* THE DATA:
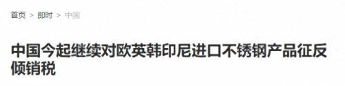 据商务部官网发布的消息,中方将从7月1日起,继续对欧盟、英国、韩国和印尼进口的不锈钢产品征收为期五年的反倾销税。
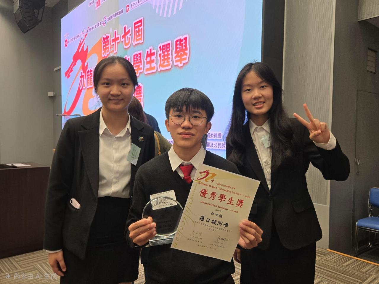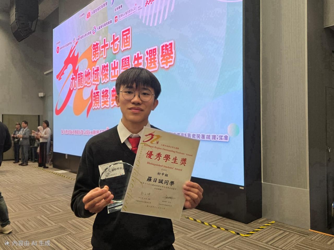 We proudly announce that Lo Yat Shing has received the Distinguished Student Award (Junior Section) at the 17th Kowloon Region Outstanding Students' Election! This event empowers students to recognize their potential and prepare for future challenges while fostering a passion for social responsibility. Participants engage in community service and enhance their awareness of our nation, ultimately broadening their global perspective.
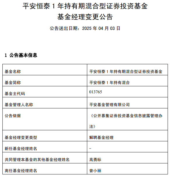 中国经济网北京4月3日讯 今日,平安基金管理有限公司公告称,曾小丽离任平安恒泰1年持有混合(A类013765;C类013766)。

* AIM OF THE TASK: Restate the data above exactly, stripping out each image.

* THE ANSWER:
 据商务部官网发布的消息,中方将从7月1日起,继续对欧盟、英国、韩国和印尼进口的不锈钢产品征收为期五年的反倾销税。
 We proudly announce that Lo Yat Shing has received the Distinguished Student Award (Junior Section) at the 17th Kowloon Region Outstanding Students' Election! This event empowers students to recognize their potential and prepare for future challenges while fostering a passion for social responsibility. Participants engage in community service and enhance their awareness of our nation, ultimately broadening their global perspective.
 中国经济网北京4月3日讯 今日,平安基金管理有限公司公告称,曾小丽离任平安恒泰1年持有混合(A类013765;C类013766)。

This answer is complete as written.